I think my love of knives came from the deep desire to run.  Not the kind of running where you put on short pants and burn a lot of calories.  I'm talking about the sitting in school and staring out the window kind of desire; that yearning to be out in the world surrounded by all the beauty and all the danger.  Indoors I was safe.  Protected.  But I longed to know whether I needed to be protected, or whether I could I survive.

Most of my fondest memories were at my grandparents mountain cabin, or the countless trips to the mountains and deserts of the western U.S.  There were no walls or fences, only foot paths without signs; any one of which could lead anywhere a boy could imagine.  And in those boyhood dreams of adventure, seeing where those trails actually led, a good knife removed the last traces of the city kid I actually was, and transformed me into the explorer I was longing to be.

And as I get dressed each morning and  lace my knife onto my belt, I have not lost the notion that the knife still represents the adventure.  For most people, life as an adventure has become a bad cliche.  But I believe that men live to honor and serve the people put in our path.  I want to be prepared to render the best service I can as I go about my life, and I can't tell you how many times having that knife on me has allowed me to do just that.  I think that experience has kept my knives very practical.  From the least to the most expensive, they are all tools to me.  How they feel, how they cut, how they balance, how they carry in the sheath...those are my primary concerns as they progress from raw material to finished knife.  Don't get me wrong, I'm still a dreamer.  But I live in the real world where real men with real tools still matter.

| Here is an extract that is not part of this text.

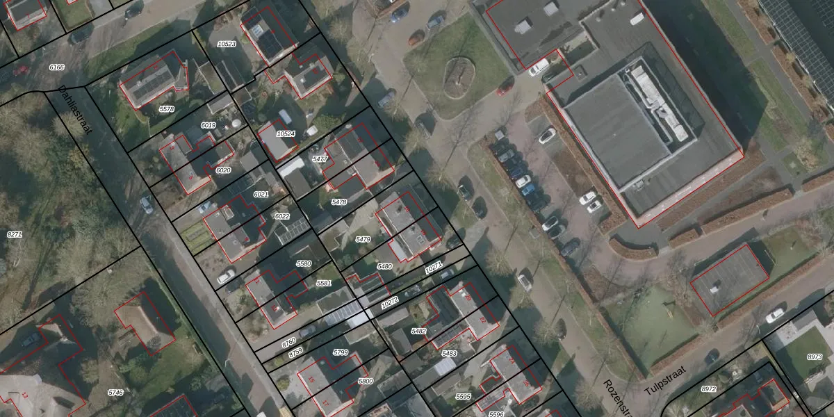 Rozenstraat 16 is gelegen op kadastraal perceel WVG00D5479. Deze kadastrale aanduiding is uniek en wordt gebruikt door het Kadaster om eigendomsrechten en andere zakelijke rechten vast te leggen. Het perceel maakt onderdeel uit van de kadastrale gemeente Wolvega.

After I started making knives as a hobby at nineteen, I had an opportunity in my late twenties to leave the indoor safety of a regular job, and see if once again, I could step further into the unknown and make a living from the hobby I loved.  A few years later, I took my pregnant wife and my two kids and left California for the southwest Virginia mountains.  Every day I leave my house, walk about 300 feet to my shop and continue the adventure.  I work alone because I do my best work that way, and as I work on today's knife, I work out the idea for tomorrow's.  The knife has moved from the metaphor of the adventure to a very part of it.

Now, I'm not an adventure junkie.  I like good coffee, scratch-made food, and good cigars.  (All good things alone, but all better in good company.)  But I see the fallen tree and the flat tire as an opportunity to see if I am the man that the little kid staring out the classroom window wished he could be.  I owe my God nothing less.  Whether the path turns toward failure or success, I do my best to thank him for every breath I've been given.  As the writer of Hebrews put it, "...Let us strip off every weight that slows us down, especially the sin that so easily trips us up.  And let us run with endurance the race God has set before us." 

Whether you came here to buy a knife or just to look around, I hope something rubs off and that you leave here encouraged to run the race set before you today.  If a knife from me makes that easier, I thank you and wish you Godspeed on your adventure.